9/10
An arctic quasi-docudrama/drama that really hits the mark!
13 October 2022
"The Wedding of Palo" (originally "Palos Brudefærd") (1934) is not technically a silent, but it is a film made in Greenland in the form of a docu-drama (though really only a drama with equally as much cultural anthropological/ethnographic feature) which has only a muted overlay of speaking featuring the natural speech of the arctic tribe studied by famed Danish explorer and anthropologist Knud Rasmussen. Nevertheless, the film plays much like a silent, and much of the film IS silent. The "plot" features two young men vying for the hand of the same woman. The "vying" ends up being done by "singing" satirical/sarcastic/insulting rhythmic words, aimed by one man against the other, then the other back against his "foe", though one of the men pulls a knife and... The story really then begins...

What attracted me most was that, though the "antics" and the doings were staged, the rowing of the kayaks in very obviously treacherous waters(!) was simply amazing!! Watching the kayaks and the umyaks being maneuvered in general was quite a treat, and though an obvious part of the lives of these people, is alien to most landlubbers in the middle of the States. A bear hunt also occurs among ice floes from a degrading glacier, and the filming is striking and beautifully done. In today's world, you may pull for the bear...

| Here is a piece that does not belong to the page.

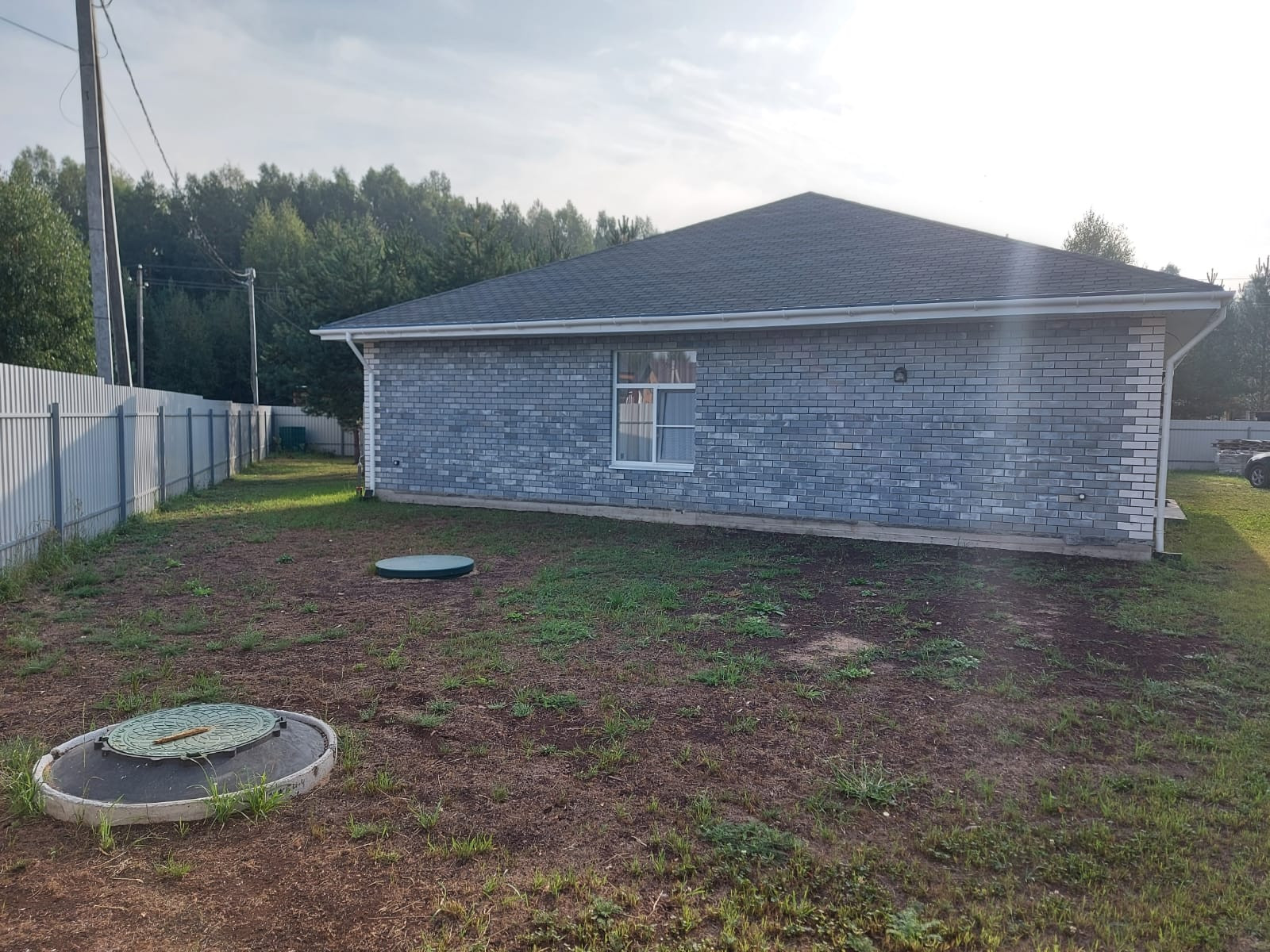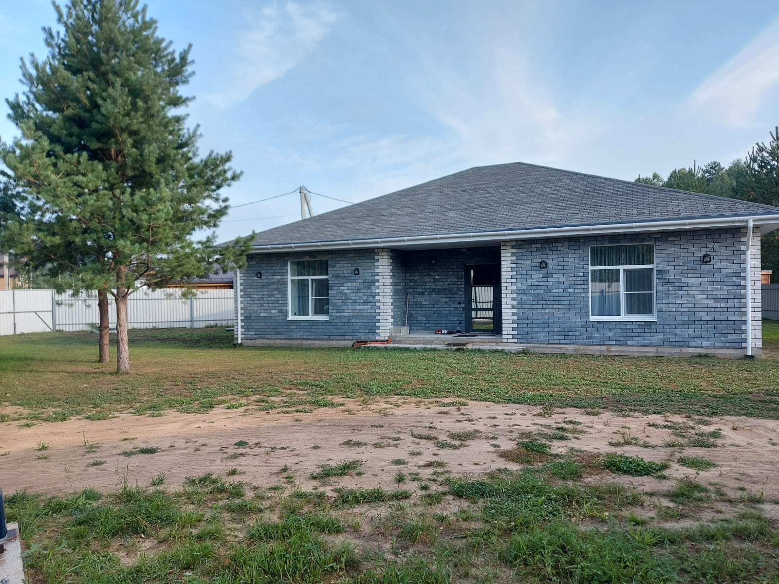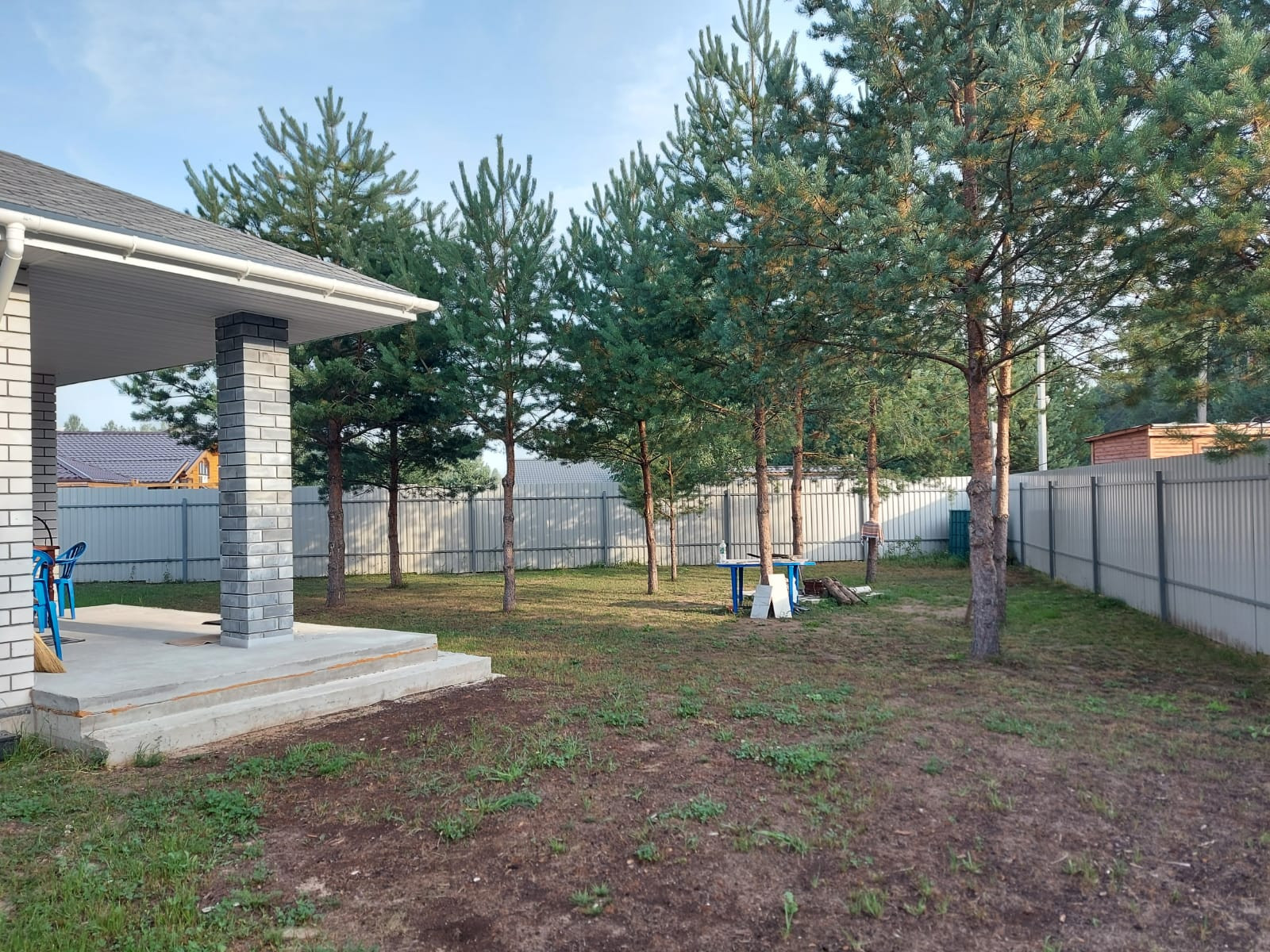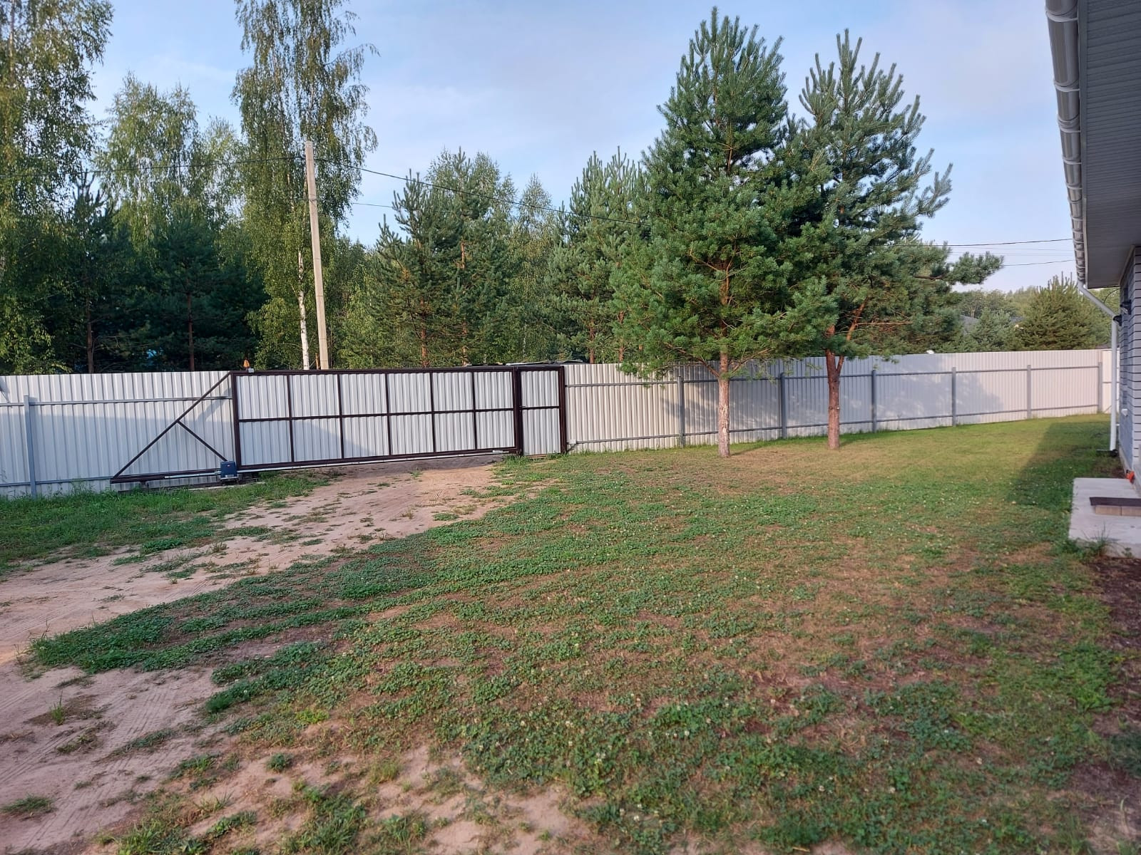 Участок высокий, ровный. Посажены сосны. На участке гараж 7*7 м. +3 м. навес. Установлен забор с откатными воротами.

Photographed much like a documentary, the roughness and toughness of the whole (perhaps seemingly antiquated to many modern viewers) actually accentuates the filmography of this early "study", much in the mode of "Nanook of the North", "Eskimo", "The Silent Enemy", and others of the same ilk made in the same time period.

Absolutely worth the watch. This is on the "Nanook of the North" Blu-Ray with other shorts included besides this and "Nanook", released by Flicker Alley. Directed by German director Friedrich Dalsheim.